■ **Task requirements**: Going through the entries below, count each line containing the word "forudsætninger". Report the number only.
------------------------------------------------------------
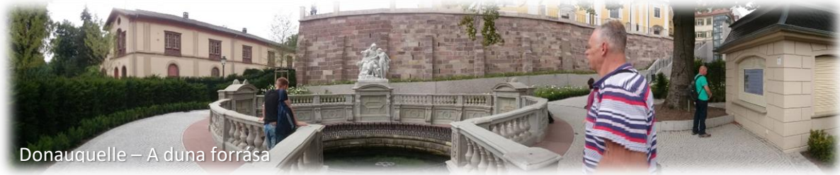
Donauquelle – A duna forrása

Az olyanok számára, akik imádják a természetet, bőven akad látnivaló a közelben. Egy magyarnak – főleg egy budapestinek – nagy meglepetés lehet a Dunát, pontosabban a forrását megtekinteni. További látnivalók, amelyek érdeklődésre adhatnak okot:
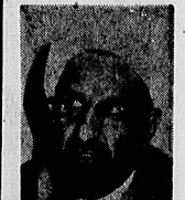
آیت‌الله قلموسی از مردم خواست تا ابلاغ اوامر امام به اوامر چه نکنند

مردم خواست تا ابلاغ اوامر امام به اوامر چه نکنند
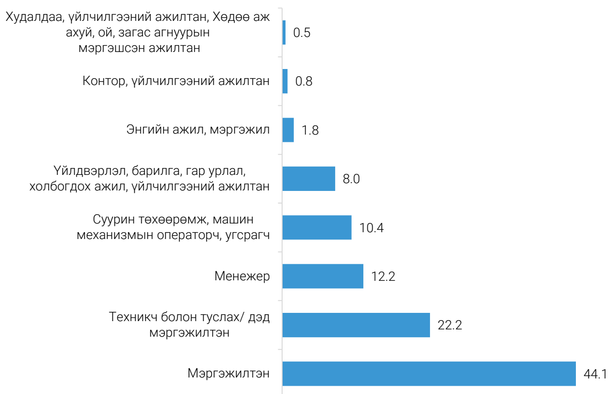
ЗУРАГ 2. ХӨДӨЛМӨРИЙН ГЭРЭЭГЭЭР АЖИЛ ЭРХЭЛЖ БУЙ ГАДААДЫН ИРГЭД, 2022 оны 1 дүгээр улирлын байдлаар, ажил мэргэжлийн ангиллаар, дүнд эзлэх хувиар

Манай улсад 2022 оны 1 дүгээр улиралд ажил эрхэлж буй гадаад иргэдийн 1836 (33.6%) нь уул уурхай, олборлолтын, 1106 (20.2%) нь барилгын, 748 (13.7%) нь боловсролын, 539 (9.9%) нь боловсруулах үйлдвэрлэлийн, 365 (6.7%) нь тээвэр ба агуулахын үйл ажиллагааны, 310 (5.7%) нь бөөний болон жижиглэн худалдаа, машин, мотоциклийн засвар үйлчилгээний, 191 (3.5%) нь үйлчилгээний бусад үйл ажиллагааны, 117 (2.1%) нь олон улсын байгууллага, суурин төлөөлөгчийн үйл ажиллагааны, 251 (4.6%) нь бусад салбарт ажиллаж байна. Өмнөх улиралтай харьцуулахад, тухайлбал боловсролын салбарт ажил эрхэлж буй гадаадын иргэд 254 (51.4%) хүнээр өсөж, барилгын салбарт 494 (30.9%) хүнээр буурсан байна.
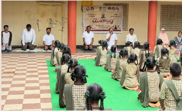
సి ఎస్ పురం, పెన్ పవర్ జూన్ 21
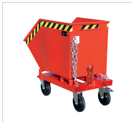
SKK à roulettes (en caoutchouc)
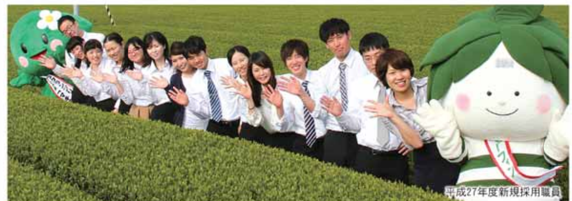
平成27年度新規採用職員
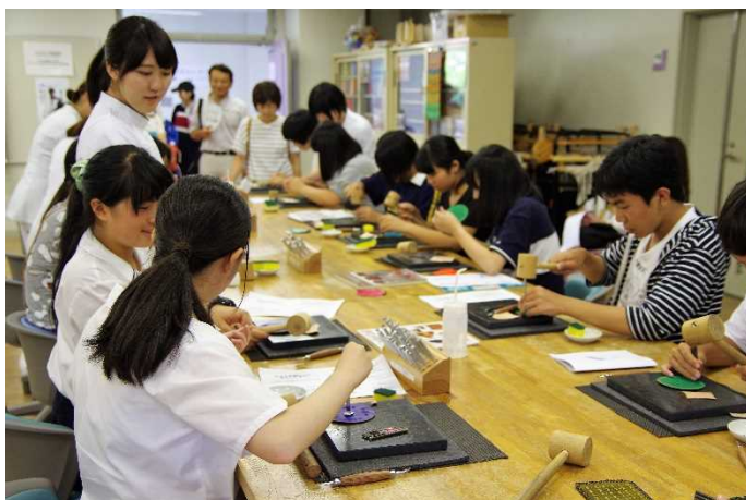
体験コーナー「先輩と一緒に手工芸作品を作ってみよう」
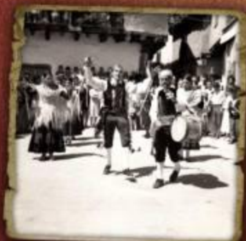
Baile en la plaza
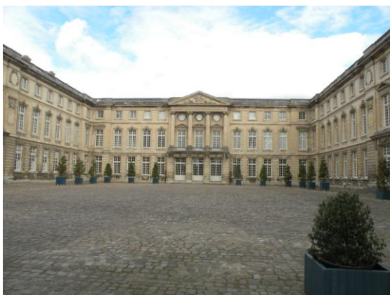
Palais impérial. Cour d'entrée.

Transformé et agrandi sous Louis XV, puis remis en valeur par Napoléon 1 er après la Révolution, le Palais de Compiègne fut l'une des résidences privilégiées de Napoléon III où il accueillit les plus grandes figures d'Europe. A partir de 1856, chaque année la cour vient passer cinq à six semaines à Compiègne. Les invités sont conviés par « Séries ». Chaque série dure une semaine et comporte une centaine d'invités, princes, ministres, ambassadeurs . . . logés au château. Les appartements de l'empereur et de l'impératrice déclinent tous les fastes du second Empire, dans des ensembles richement meublés. La visite permet d'aller à la rencontre des têtes couronnées qui y ont résidé et de partager les divertissements de la cour.
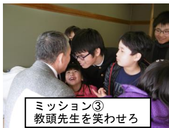
ミッション③ 教頭先生を笑わせろ
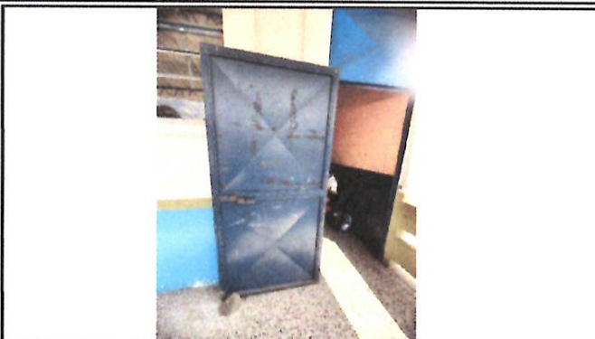
Foto 7: Puertas deterioradas por las condiciones climáticas y la falta de mantenimiento.
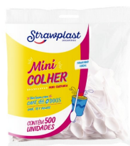
2291 MINI COLHER CRISTAL 6X500 CX/3000 7898202610515
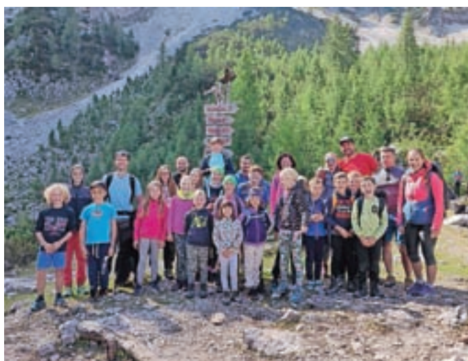
Mladi planinski orli

razredov matične in podružnične šole. Vreme nam je bilo naklonjeno, morje je bilo res še toplo in učenci so uživali v vseh dejavnostih ter predvsem nadgradili svoje plavalno znanje. Za nami je tudi že prvi športni dan. Učenci od prvega do četrtega razreda so se odpravili na tematsko orientacijsko pot Skrivnost preddvorskih štokelj. Ob tem so spoznali okoliške vrhove, živali, rastline, se seznanili z različnimi markacijami, osvežili znanje o primerni obutvi in opreми, ki jo potrebujemo v hribih v različnih vremenskih razmerah, ob zanimivih nalogah pa spoznali nagajivega vrana Frana, ki je uročil grofa in grofico.
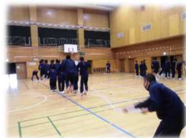
「みんなでジャンプ」の練習の様子
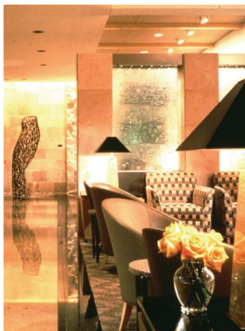
Una terminal de primera categoría para los viajeros modernos.
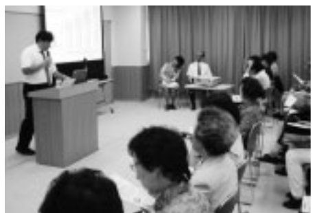
▲介護予防に取組みましょう

12月16日(火)午前10時半～正午／対象は市民／先着50人／無料／内容は介護予防の効果についてほか／講師は大淵修一氏(都老人総合研究所室長)／申込みは電話で当館へ
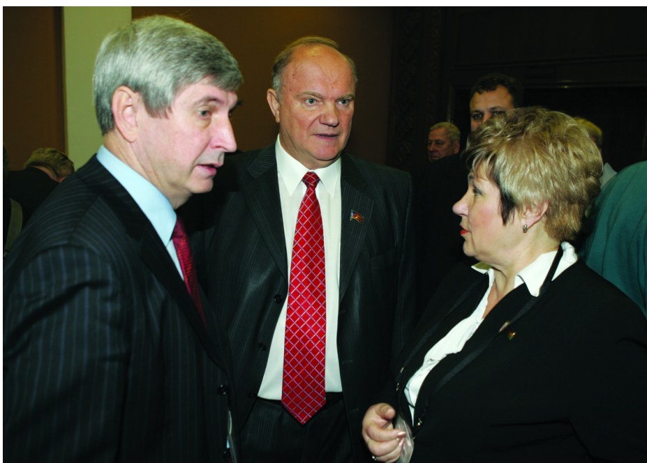
TATJANA GOLUBEVA AZ OROSZ KOMMUNISTA PÁRT VEZETŐIVEL

Belarusz Kommunista Pártjának kongresszusa az Egyesült Államok kormányához fordult, és követelte a belarusz belügyekbe való beavatkozás megszüntetését. „A nemzetközi imperializmus ideológusai igyekeznek elleplezni valós szándékaikat és látszólag baloldali pártokat hoznak létre, amelyek szép ígéretekkel tesznek az embereknek, virtuálisan harcolnak a szociális jólétért, a valóságban azonban külföldi pénzelőiknek azt ígérik, hogy liberális piaci reformokat hajtanak
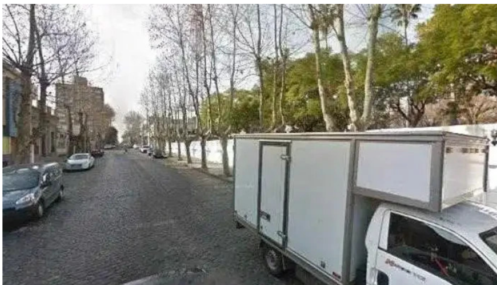
Escuela publica 2 cerca de mi
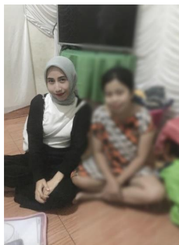
Gambar 5. Berfoto bersama dengan ibu rumah tangga setelah selesai melakukan wawancara
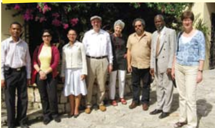
De delegatie in gezelschap van leden van de Protestantse Federatie van Haïti
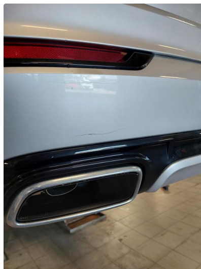
1.3 Ripe(r) ned til grunning
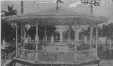
Sagua la Grande.—"Alfert" Templo de la Música.
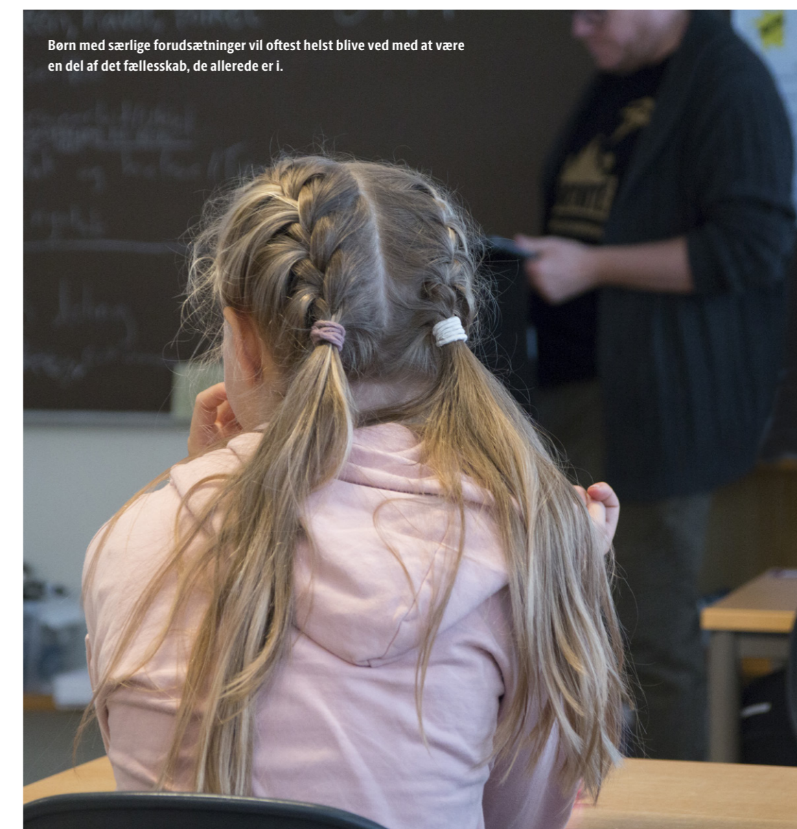
Børn med særlige forudsætninger vil oftest helst blive ved med at være en del af det fællesskab, de allerede er i.

Børn med særlige forudsætninger (BMSF) – Videnscenter Gentofte tilbyder rådgivning, støtte og vejledning til skolerne og forældre, hvis de har et barn med høj begavelse. Du kan kontakte Videnscentret på mail janx1546@gskoler.dk , hvis du har et barn med høj begavelse og har brug for rådgivning. ■
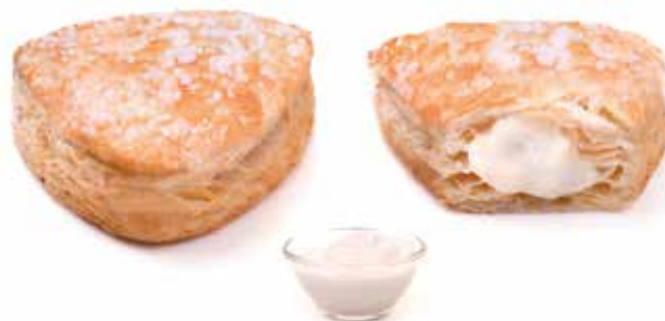
271 | gemma crema di latte PESO 90 g - 55 PZ. PER CONFEZIONE
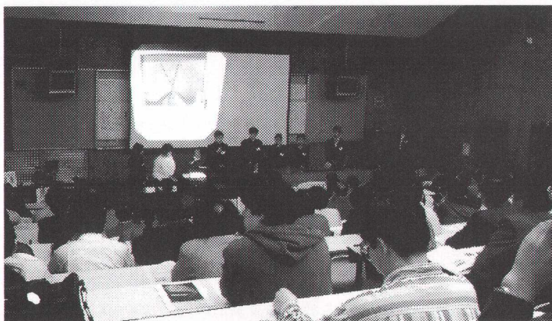
写真2 「ぐんま天文台で観測した太陽と星の動き」

今回の反省点としては、まず口頭セッションの時間が延びてしまい、以降のセッションに御迷惑をかけてしまったことがあります。発表の時間をできるだけ確保するとともに、セッション運営を改善していかなければなりません。また、ポスター会場が分かれていて、関連の深い天文教育のポスター
------------------------------------------------------------
■ **Exercise answer**: 2